Re: [PATCH] O16int for interactivity

From: Richard B. Johnson
Date: Fri Aug 15 2003 - 13:48:09 EST


On Fri, 15 Aug 2003, Timothy Miller wrote:

>
>
> Con Kolivas wrote:
>
> > Preemption of tasks at the same level with twice as much timeslice has been
> > dropped as this is not necessary with timeslice granularity (may improve
> > performance of cpu intensive tasks).
>
> Does this situation happen where two tasks at different nice levels have
> dynamic priority adjustments which make them effectively have the same
> priority?
>
> > Preemption of user tasks is limited to those in the interactive range; cpu
> > intensive non interactive tasks can run out their full timeslice (may also
> > improve cpu intensive performance)
>
> What can cause preemption of a task that has not used up its timeslice?
> I assume a device interrupt could do this, but... there's a question I
> asked earlier which I haven't read the answer to yet, so I'm going to guess:
>
> A hardware timer interrupt happens at timeslice granularity. If the
> interrupt occurs, but the timeslice is not expired, then NORMALLY, the
> ISR would just return right back to the running task, but sometimes, it
> might decided to end the time-slice early and run some other task.
>
> Right?
>

Never. However, since the time-slice is 'time', the very instant that
the hardware interrupt executes it's "iret", the hardware-timer may
interrupt and the CPU gets taken away from the task.

Suppose that the preemption timer ticked at 1 HZ intervals. Suppose
that an awful interrupt service routine (one that loops inside) took 1
second to be serviced. What would happen if a task was 3/4 of a second
into its time-slice and then a hardware interrupt occurred?

The CPU would be taken away at 3/4 second, given to the bad ISR, then
the CPU would not be returned until (1) the one-second execution time
had occurred, and (2), all other higher priority tasks had gotten their
time-slices. Each of those higher-priority tasks, could further get
interrupted by the rogue ISR. The result may be that you get the CPU
back next Tuesday.

> So, what might cause the scheduler to decide to preempt a task which has
> not used up its timeslice?
>

The scheduler does not preempt a task until its time has expired.
However time is a constantly-expiring thing so interrupts can
eat up a processes' time.

The usual way for a process (task) to lose it's allocated CPU time-
slice is to perform some I/O. When waiting for I/O, the kernel may
give the CPU to somebody else.

If, the scheduler worked on task-CPU time, rather than hardware-clock
"wall time", maybe it would be more "fair" during periods of high
interrupt activity.

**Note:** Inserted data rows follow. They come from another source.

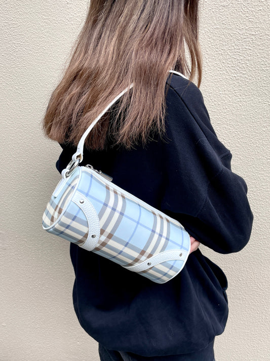 BURBERRY 格纹单肩托特包 帆布/皮革 米色/文胸造型
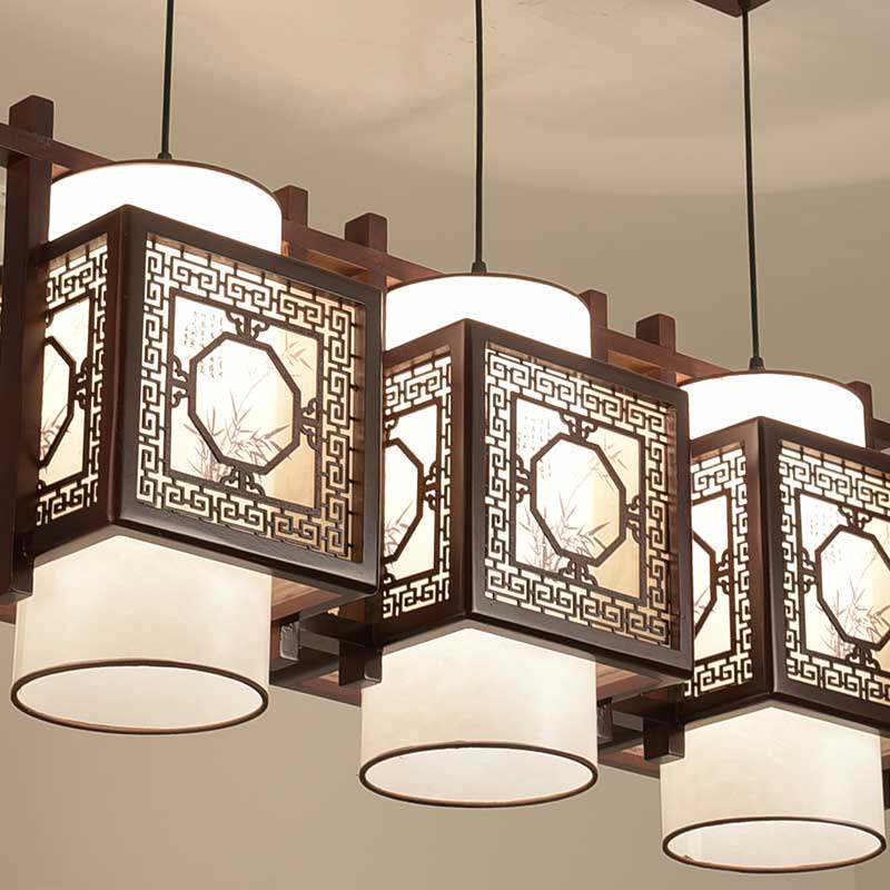 8090捌零玖零现代中式仿古羊皮实木led三头吊灯6608
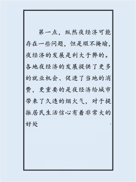 第一点,纵然夜经济可能存在一些问题,但是瑕不掩瑜夜经济的发展是利大于弊的。各地夜经济的发展提供了更多的就业机会、促进了当地的消费,更重要的是夜经济给城市带来了久违的烟火气,对于提振居民生活信心有着非常大的好处。
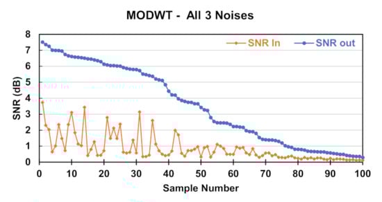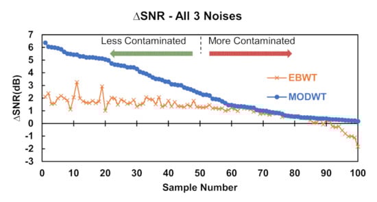 To further compare the performance of both algorithms, the values are combined in Figure 16. From this figure, it is obvious that the improvement in SNR values achieved by the MODWT-based algorithm is higher than that of the EBWT in all the studied cases. The performance for both methods decreased as the signal noisiness increased, but the MODWT performance remained in the lead.
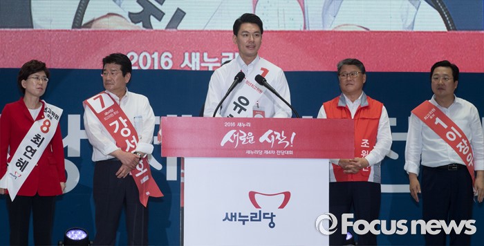 (서울=포커스뉴스) 9일 오후 서울 송파구 잠실실내체육관에서 열린 새누리당 4차 전당대회에서 유창수 신임 최고위원이 소감을 전하고 있다.

However, since interrupts occur anytime, they
tend to attack all competing processes equally, therefore becoming
"fair" unless it's one task that's generating all that interrupt
activity, like network I/O, or some kinds of screen-interactivity.

Cheers,
Dick Johnson
Penguin : Linux version 2.4.20 on an i686 machine (797.90 BogoMips).
Note 96.31% of all statistics are fiction.